Darwin in his Autobiography:"But then arises the doubt—can the mind of man, which has, as I fully believe, been developed from a mind as low as that possessed by the lowest animal, be trusted when it draws such grand conclusions*? May not these be the result of the connection between cause and effect which strikes us as a necessary one, but probably depends merely on inherited experience? Nor must we overlook the probability of the constant inculcation in a belief in God on the minds of children producing so strong and perhaps an inherited effect on their brains not yet fully developed, that it would be as difficult for them to throw off their belief in God, as for a monkey to throw off its instinctive fear and hatred of a snake."

*Note the nice evolutionary twist added by Darwin here!
The balance of happiness/misery and pain/pleasure
Hume: "The only method of supporting Divine benevolence, and it is what I willingly embrace, is to deny absolutely the misery and wickedness of man. Your representations are exaggerated; your melancholy views mostly fictitious; your inferences contrary to fact and experience. Health is more common than sickness; pleasure than pain; happiness than misery. And for one vexation which we meet with, we attain, upon computation, a hundred enjoyments."
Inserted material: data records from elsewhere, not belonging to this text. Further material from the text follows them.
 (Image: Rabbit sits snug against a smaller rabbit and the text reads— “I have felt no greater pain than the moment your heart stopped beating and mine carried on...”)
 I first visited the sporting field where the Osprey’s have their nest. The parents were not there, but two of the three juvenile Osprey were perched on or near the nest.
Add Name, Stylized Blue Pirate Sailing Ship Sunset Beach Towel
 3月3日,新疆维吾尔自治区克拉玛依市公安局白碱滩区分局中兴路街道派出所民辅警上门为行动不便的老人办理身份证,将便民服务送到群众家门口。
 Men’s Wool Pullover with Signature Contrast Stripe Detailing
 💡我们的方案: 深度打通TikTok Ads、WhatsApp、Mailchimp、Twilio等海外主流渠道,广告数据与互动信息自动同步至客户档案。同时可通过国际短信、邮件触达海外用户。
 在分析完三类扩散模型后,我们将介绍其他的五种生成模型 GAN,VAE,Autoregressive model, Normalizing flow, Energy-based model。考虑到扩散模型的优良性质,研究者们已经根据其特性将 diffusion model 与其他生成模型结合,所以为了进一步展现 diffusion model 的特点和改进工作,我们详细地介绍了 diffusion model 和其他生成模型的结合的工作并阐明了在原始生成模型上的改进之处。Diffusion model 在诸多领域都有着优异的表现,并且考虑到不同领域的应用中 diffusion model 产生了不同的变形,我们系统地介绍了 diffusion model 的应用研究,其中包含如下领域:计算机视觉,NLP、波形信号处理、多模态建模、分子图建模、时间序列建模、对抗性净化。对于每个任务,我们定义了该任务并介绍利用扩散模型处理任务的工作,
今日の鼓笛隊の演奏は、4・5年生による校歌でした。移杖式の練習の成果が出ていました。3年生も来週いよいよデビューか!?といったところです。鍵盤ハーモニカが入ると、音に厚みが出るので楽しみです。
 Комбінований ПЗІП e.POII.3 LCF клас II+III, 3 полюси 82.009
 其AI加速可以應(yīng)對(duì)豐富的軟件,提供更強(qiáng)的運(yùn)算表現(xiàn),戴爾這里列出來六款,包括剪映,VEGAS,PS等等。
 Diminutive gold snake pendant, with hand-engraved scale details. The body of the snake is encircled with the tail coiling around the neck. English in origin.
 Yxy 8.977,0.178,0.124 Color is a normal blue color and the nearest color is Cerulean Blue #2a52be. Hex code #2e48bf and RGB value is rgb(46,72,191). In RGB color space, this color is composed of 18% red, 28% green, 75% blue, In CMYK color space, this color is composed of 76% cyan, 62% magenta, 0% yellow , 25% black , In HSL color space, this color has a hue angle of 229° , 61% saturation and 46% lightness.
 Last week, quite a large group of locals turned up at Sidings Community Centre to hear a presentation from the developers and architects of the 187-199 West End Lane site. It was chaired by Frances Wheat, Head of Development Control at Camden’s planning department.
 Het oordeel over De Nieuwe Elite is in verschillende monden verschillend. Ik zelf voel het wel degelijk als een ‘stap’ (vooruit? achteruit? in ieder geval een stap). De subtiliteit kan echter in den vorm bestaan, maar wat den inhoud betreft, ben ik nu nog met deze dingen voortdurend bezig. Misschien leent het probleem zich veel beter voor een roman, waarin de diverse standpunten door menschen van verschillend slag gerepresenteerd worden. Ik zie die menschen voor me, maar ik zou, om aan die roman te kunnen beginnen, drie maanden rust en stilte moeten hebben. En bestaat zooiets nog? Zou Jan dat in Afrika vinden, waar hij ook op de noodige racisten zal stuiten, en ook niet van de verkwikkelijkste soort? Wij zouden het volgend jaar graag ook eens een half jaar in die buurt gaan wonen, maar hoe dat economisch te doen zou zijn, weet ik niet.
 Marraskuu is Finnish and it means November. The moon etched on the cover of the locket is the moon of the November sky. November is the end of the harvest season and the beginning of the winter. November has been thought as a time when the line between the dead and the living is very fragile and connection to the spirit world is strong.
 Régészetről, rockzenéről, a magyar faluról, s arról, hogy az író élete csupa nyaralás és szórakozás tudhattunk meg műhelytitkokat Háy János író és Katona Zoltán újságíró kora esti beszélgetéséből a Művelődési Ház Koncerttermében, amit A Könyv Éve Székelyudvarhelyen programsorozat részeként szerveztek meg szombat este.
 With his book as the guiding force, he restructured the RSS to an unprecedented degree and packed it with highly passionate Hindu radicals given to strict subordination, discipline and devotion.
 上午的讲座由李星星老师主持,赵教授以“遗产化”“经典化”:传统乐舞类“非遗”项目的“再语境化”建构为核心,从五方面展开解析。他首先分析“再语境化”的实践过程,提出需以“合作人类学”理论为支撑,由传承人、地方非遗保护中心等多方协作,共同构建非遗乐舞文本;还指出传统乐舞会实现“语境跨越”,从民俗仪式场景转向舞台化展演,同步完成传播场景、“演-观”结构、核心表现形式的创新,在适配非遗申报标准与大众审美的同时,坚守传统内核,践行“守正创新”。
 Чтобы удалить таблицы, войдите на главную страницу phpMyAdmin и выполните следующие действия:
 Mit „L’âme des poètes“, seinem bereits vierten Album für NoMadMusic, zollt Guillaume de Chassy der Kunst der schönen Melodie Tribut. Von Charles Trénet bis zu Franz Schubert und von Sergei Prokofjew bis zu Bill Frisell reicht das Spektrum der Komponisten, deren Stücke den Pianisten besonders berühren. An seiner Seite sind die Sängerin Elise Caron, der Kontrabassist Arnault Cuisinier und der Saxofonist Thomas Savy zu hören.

Darwin:"if we look to all sentient beings, whether there is more of misery or of happiness;—whether the world as a whole is a good or a bad one. According to my judgment happiness decidedly prevails, though this would be very difficult to prove. If the truth of this conclusion be granted, it harmonises well with the effects which we might expect from natural selection. If all the individuals of any species were habitually to suffer to an extreme degree they would neglect to propagate their kind; but we have no reason to believe that this has ever or at least often occurred. Some other considerations, moreover, lead to the belief that all sentient beings have been formed so as to enjoy, as a general rule, happiness."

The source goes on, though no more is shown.